Any others?  Sorry I am a  Céline fancier from the early days  and I have not kept up with the last few years and I don’t know the current experts!


----------



## jlm778

porpentine said:


> Ok sorry. I will post in that thread.
> 
> my first query is just for the  private authenticators that are reliable for Céline.  Have people used Authenticate4u *****************, Lollipuff, for Céline?
> 
> Any others?  Sorry I am a  Céline fancier from the early days  and I have not kept up with the last few years and I don’t know the current experts!



Hi! I had an incident where Authenticate 4U claimed my box bag was authentic, then when I went through Lollipuff they said it was fake, which they were right about. They even told me exactly why it was fake. Based on my experiences with Lollipuff, although they can be slightly more expensive, they seem much more thorough and reliable. I have used Lollipuff for many other brands too.


----------



## MAGJES

jlm778 said:


> Hi! I had an incident where Authenticate 4U claimed my box bag was authentic, then when I went through Lollipuff they said it was fake, which they were right about. They even told me exactly why it was fake. Based on my experiences with Lollipuff, although they can be slightly more expensive, they seem much more thorough and reliable. I have used Lollipuff for many other brands too.

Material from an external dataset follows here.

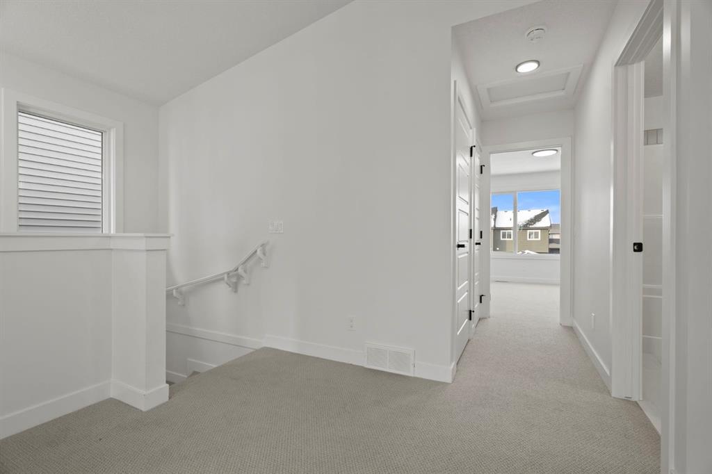 Welcome home to the Jade L — a beautifully upgraded laned home that combines modern design, thoughtful functionality, and refined finishes in the vibrant community of Lanark. Built by Sterling Homes Calgary, this residence showcases designer-curated interior selections and quality craftsmanship throughout, offering a truly move-in-ready experience. The main floor is bright and inviting, featuring wide-plank luxury vinyl flooring and an open-concept layout designed for both everyday living and entertaining. At the heart of the home, the chef-inspired kitchen impresses with quartz countertops, an oversized island with undermount sink, stainless steel appliances, sleek cabinetry with gold hardware, and a striking chimney-style hood fan. A fully equipped spice kitchen with gas range adds exceptional versatility and is a standout feature for home chefs. The living area is anchored by a contemporary electric fireplace with floor-to-ceiling tile, creating a warm and elegant focal point, while large windows flood the space with natural light. A main-floor bedroom and full bathroom provide ideal flexibility for guests, multigenerational living, or a private home office. Additional highlights include a walk-in pantry with built-in shelving, modern lighting, and clean-lined interior doors that enhance the home’s modern aesthetic. Upstairs, the thoughtfully designed layout continues with a vaulted-ceiling bonus room featuring a skylight, offering a bright and airy space perfect for family movie nights, a play area, or a quiet retreat. The primary suite is a true sanctuary, showcasing a spa-inspired 5-piece ensuite with dual sinks, a standalone soaker tub, a tiled shower, and a large window that fills the space with natural light. A spacious walk-in closet with custom wire shelving completes the retreat. Secondary bedrooms are generously sized with large windows and ample closet space, complemented by a well-appointed main bathroom finished with quartz countertops and contemporary fixtures. Convenient upper-level laundry adds everyday practicality. This home is also equipped with a full smart-home package, including a programmable thermostat, Ring video doorbell, smart front door lock, and motion-activated switches—all controlled through an Amazon Alexa touchscreen hub. With upscale finishes, a functional and flexible floor plan, and standout features rarely found at this price point, the Jade L offers modern living at its finest in one of Airdrie's newest and most exciting communities.

Did you let authenticat4u know?  I’ve always used them for Celine and trust them completely.
There is always the chance that Lollipuff is wrong?  I’m only trying to be fair and not confrontational.
I don’t like to see someone’s reputation tarnished without all the facts and the whole story.


----------



## zBaghappy

porpentine said:


> @porpentine


Hi , I hope I’m doing this right , apologies if not , first post  just join forum . I read a post u did back in 2018 I’m regards to a Celine classic box  with tags in phone pocket. Did I get manage to get authentication ? Mine is the same . Looking for help . 
Thanks


----------



## Sophia

zBaghappy said:


> Hi , I hope I’m doing this right , apologies if not , first post  just join forum . I read a post u did back in 2018 I’m regards to a Celine classic box  with tags in phone pocket. Did I get manage to get authentication ? Mine is the same . Looking for help .
> Thanks


If you post in authentication thread, I’d be more than happy to authenticate for you


----------



## zBaghappy

Sophia said:


> If you post in authentication thread, I’d be more than happy to authenticate for you


I have no idea how to do it ‍♀️ 
I have found the rules in regard to the thread , I just can’t work out how to post on it . I’m useless


----------



## AbbieReal

Hi! Is a Celine Micro Belt Bag in MINERAL color even original? I got it from a pre-loved seller who sells legit bags (even has a money-back guarantee if proven fake).


----------